コドカレ。
タイガは最初から私の事なんか好きじゃなかったんだ。
カケの対象にされて他の男子の笑い者にされていたのだと思うと、惨めで、くやしくて……。
あの楽しかった筈の思い出までもが、全てが否定さた気がした。
結果、残ったのは……
他の子よりも早く色々経験出来たという、優越感のみだった。
***
ヤマトの家を出てから自分のアパートに一端帰り、着替えやメイクをしっかりしてから学校へと向かう。

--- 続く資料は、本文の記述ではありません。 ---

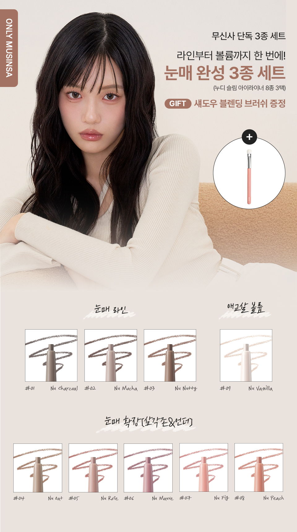 [3SET]누디 슬림 아이라이너(9colors)(+섀도우 블렌딩 브러쉬 증정)

こうやっていつもの通学路を歩いていると、昨日から今朝にかけての出来事が嘘みたい。
「マジでぇ?」
教室には驚くメグの声が響き渡る。
「マジで。起きたら超ビックリ!」
「遅刻してきたと思ったら、元カレがいたとかウケるんだけど」
「ガツンと文句言ってきたし!!」
なんて、今日の今日で笑い話に出来ちゃうあたり我ながら凄いと思う。
こうやって友達と話しながらも、思い出してしまうのはヤマトのあの唖然とした表情。もしかしてヤマトは驚いてただけじゃなくて、傷付いたのかもしれないと思うと少しだけ胸がチクンと傷んだ。
"チクン"なんて私が使うのは今更なんだけど。